___ RECORDS SHOWN
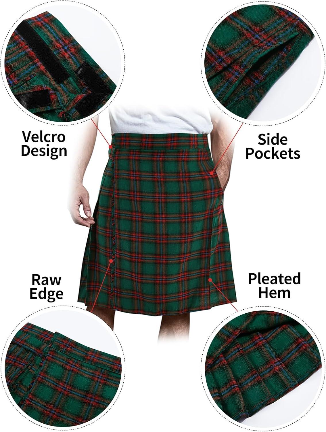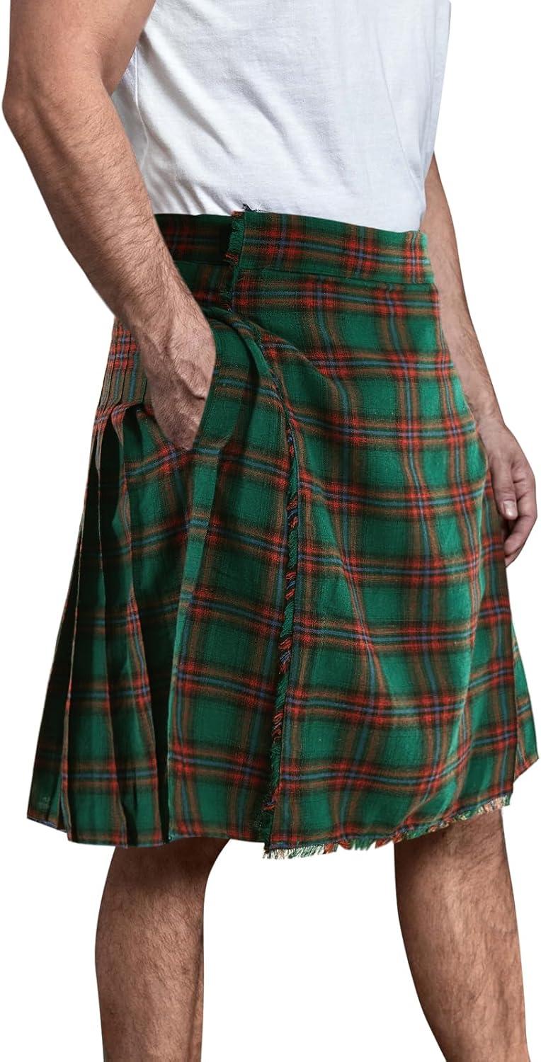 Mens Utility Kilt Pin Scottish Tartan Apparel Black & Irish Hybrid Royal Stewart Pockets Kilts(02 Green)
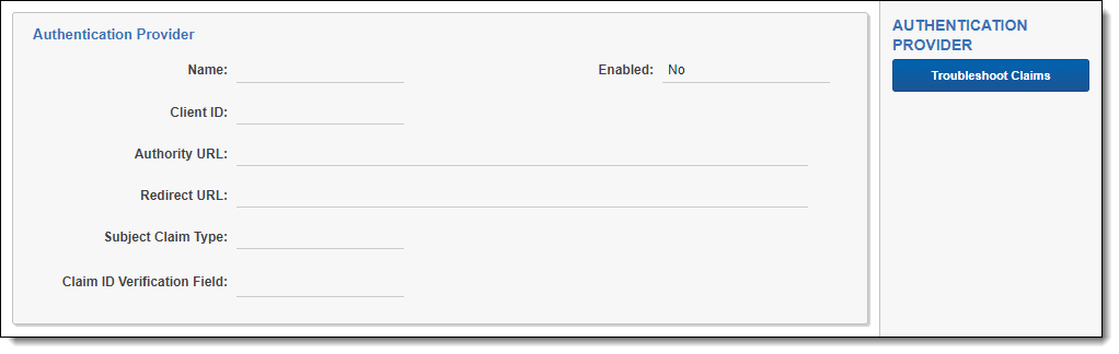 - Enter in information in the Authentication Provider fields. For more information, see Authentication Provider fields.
______
___ RECORDS SHOWN
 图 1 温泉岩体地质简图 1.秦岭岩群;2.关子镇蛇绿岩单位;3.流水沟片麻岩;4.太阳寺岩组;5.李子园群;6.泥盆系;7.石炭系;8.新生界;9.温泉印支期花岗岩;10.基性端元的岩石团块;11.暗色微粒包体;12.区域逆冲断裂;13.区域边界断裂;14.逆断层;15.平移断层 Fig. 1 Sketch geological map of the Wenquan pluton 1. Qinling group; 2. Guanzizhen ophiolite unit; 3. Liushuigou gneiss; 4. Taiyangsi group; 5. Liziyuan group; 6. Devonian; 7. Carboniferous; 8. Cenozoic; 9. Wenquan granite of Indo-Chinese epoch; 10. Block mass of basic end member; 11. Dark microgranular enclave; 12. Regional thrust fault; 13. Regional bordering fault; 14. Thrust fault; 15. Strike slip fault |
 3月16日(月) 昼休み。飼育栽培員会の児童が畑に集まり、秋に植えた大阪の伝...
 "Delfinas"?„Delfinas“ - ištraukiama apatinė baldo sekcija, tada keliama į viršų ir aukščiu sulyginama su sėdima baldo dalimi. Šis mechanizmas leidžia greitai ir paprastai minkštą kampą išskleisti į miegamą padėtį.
______
___ RECORDS SHOWN
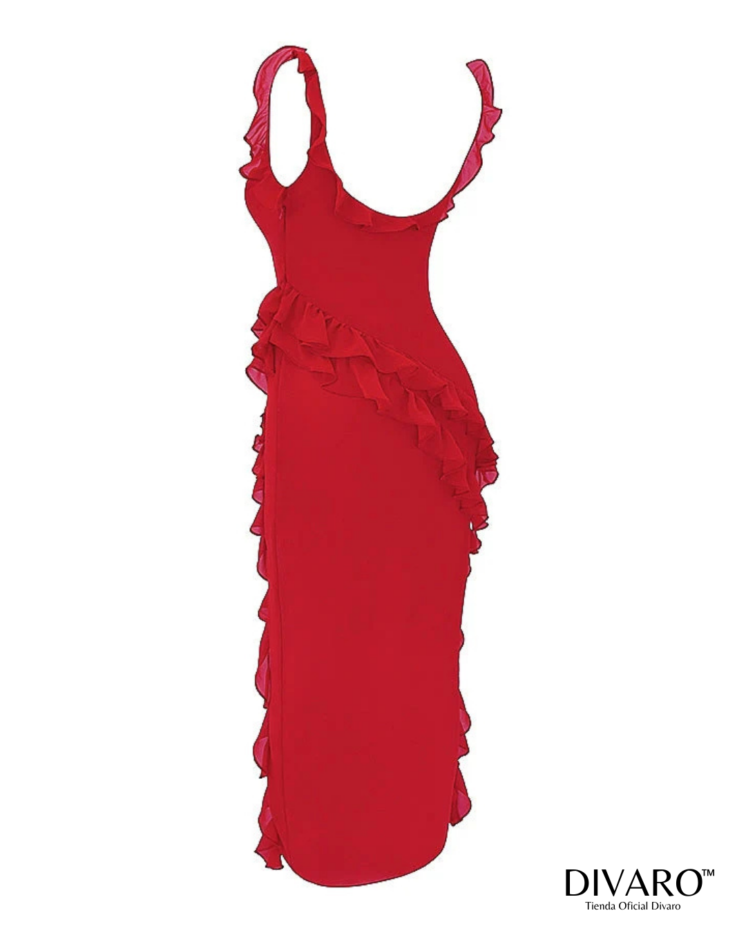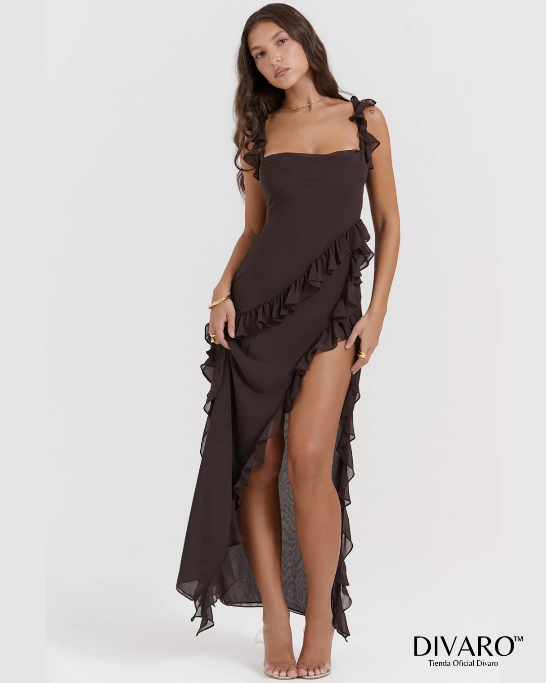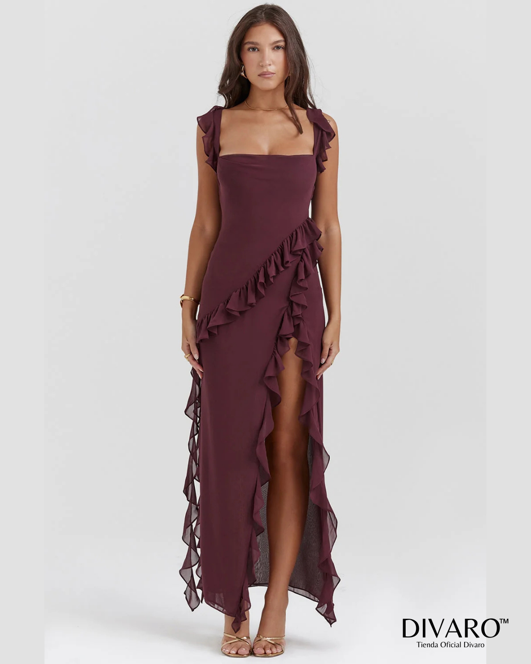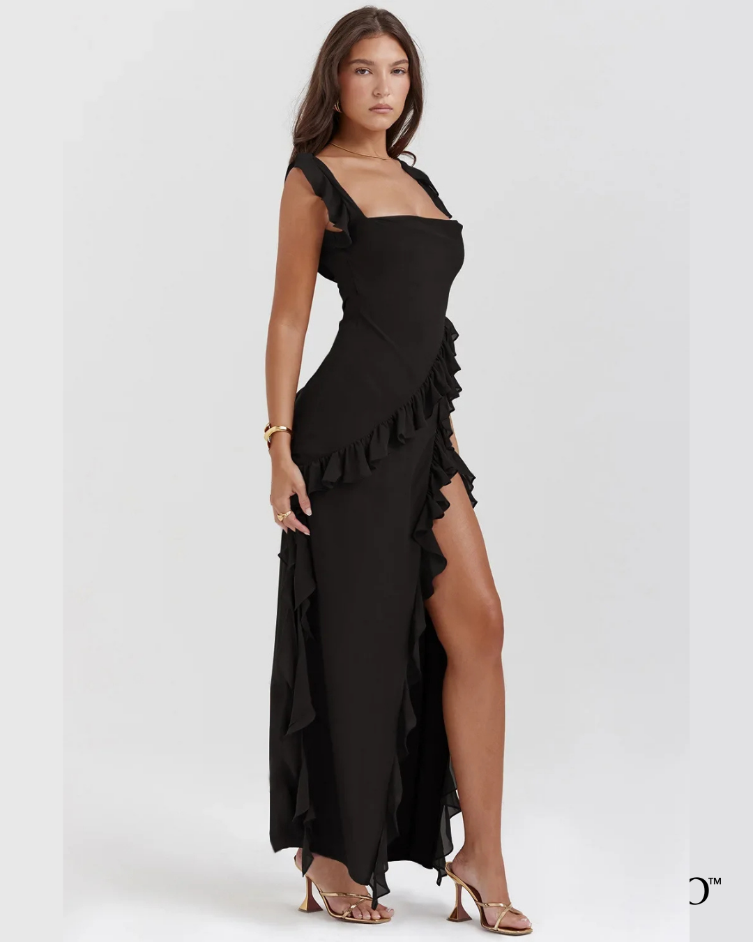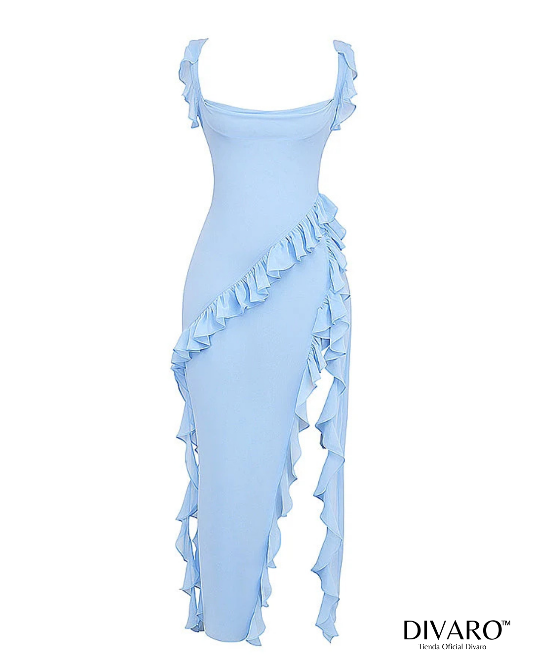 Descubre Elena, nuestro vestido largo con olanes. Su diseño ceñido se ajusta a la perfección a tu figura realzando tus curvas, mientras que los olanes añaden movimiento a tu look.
______
TASK BRIEF →
Up in the listing, locate the line with "Mens Utility Kilt"; print it and every line after it down to the line with "- Enter in information", which is included too. Skip the pictures.

TASK ANSWER →
 Mens Utility Kilt Pin Scottish Tartan Apparel Black & Irish Hybrid Royal Stewart Pockets Kilts(02 Green)
 - Enter in information in the Authentication Provider fields. For more information, see Authentication Provider fields.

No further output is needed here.